A machine-rendered reading of the paper's core claim, the machinery that carries it, and where it could break.

The paper develops a new way to grow classification trees by selecting splits probabilistically using the exponential mechanism instead of always choosing the best split greedily. The temperature parameter controls how much the selection deviates from the deterministic choice. Because the sampling probabilities reflect the full adaptive process of building the tree, they can be turned directly into pivots that support valid statistical inference for the parameters in the final tree model. This matters because standard tree methods do not allow reliable inference due to their data-driven structure, while common fixes like splitting the data reduce predictive power.
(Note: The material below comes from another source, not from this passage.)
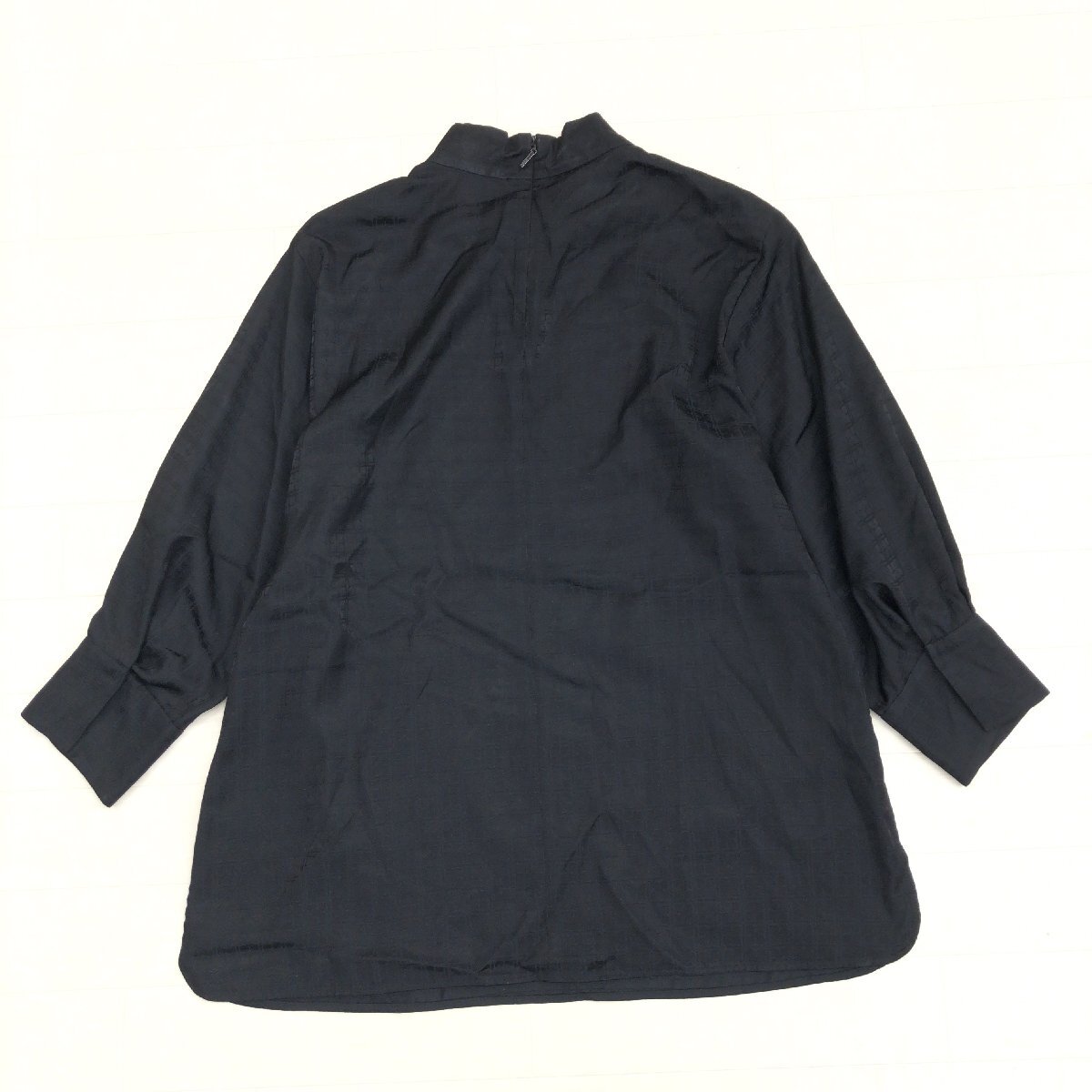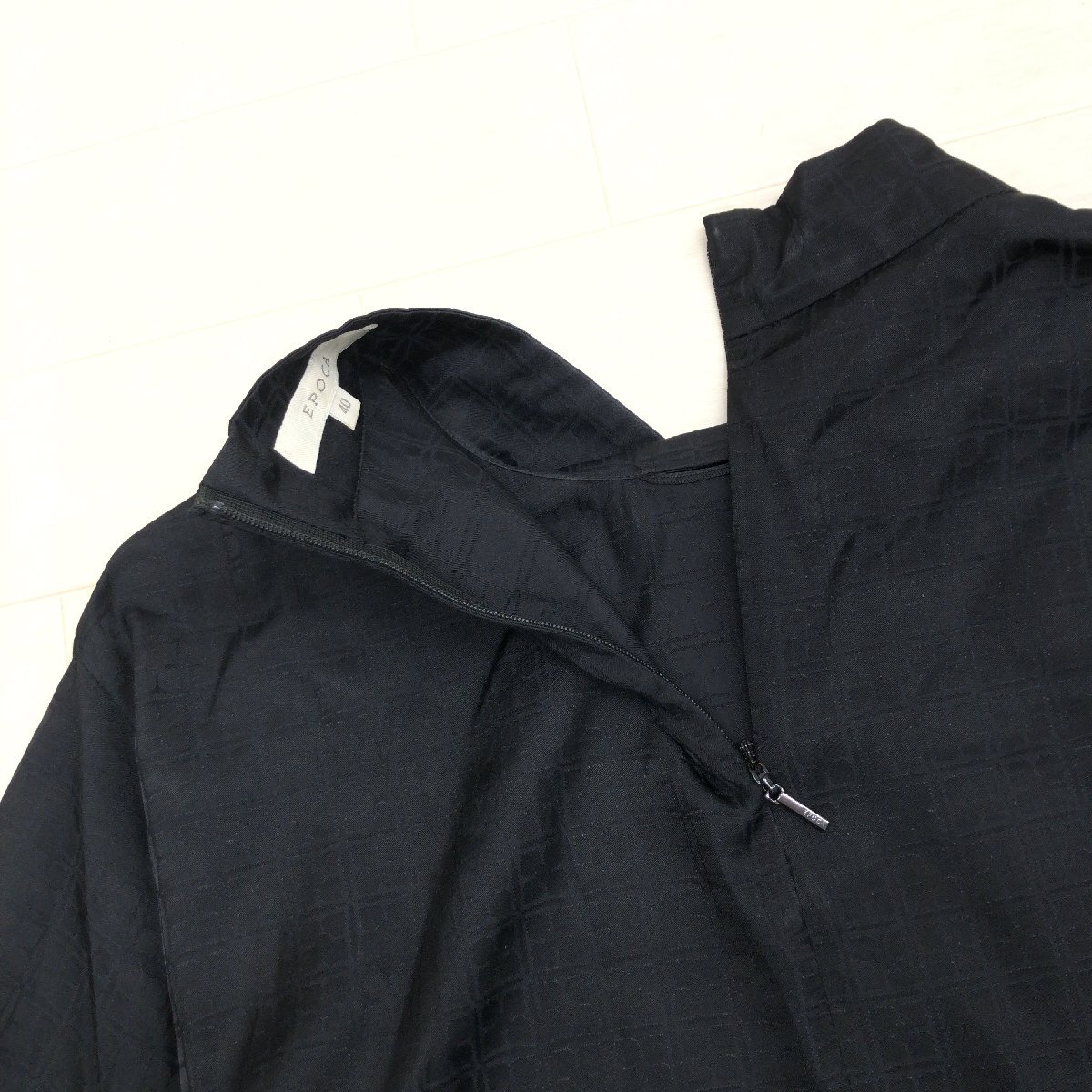 EPOCA エポカ ハイネック 総柄 サテン シャツ 40(L) 黒 ブラック 日本製 プルオーバー ブラウス カットソー 長袖 レディース 婦人

The new method aims to deliver both accurate predictions and trustworthy inference.

Core claim

By defining split selection probabilities through an exponential mechanism, the resulting sampling distribution can be used to construct pivots that yield asymptotically valid inference for the parameters of the fitted classification tree, accounting for the adaptivity in the tree-growing process.

What carries the argument

The exponential mechanism that assigns sampling probabilities to candidate splits based on their utility and a temperature parameter, from which inference pivots are derived.

If this is right

Valid inference is possible on the parameters of the predictive fit produced by the tree.
The approach maintains predictive accuracy comparable to standard greedy trees at low temperatures.
Unlike data splitting, inference does not come at the cost of reduced accuracy.
The method explicitly handles the adaptivity of the entire tree construction process in its inference procedure.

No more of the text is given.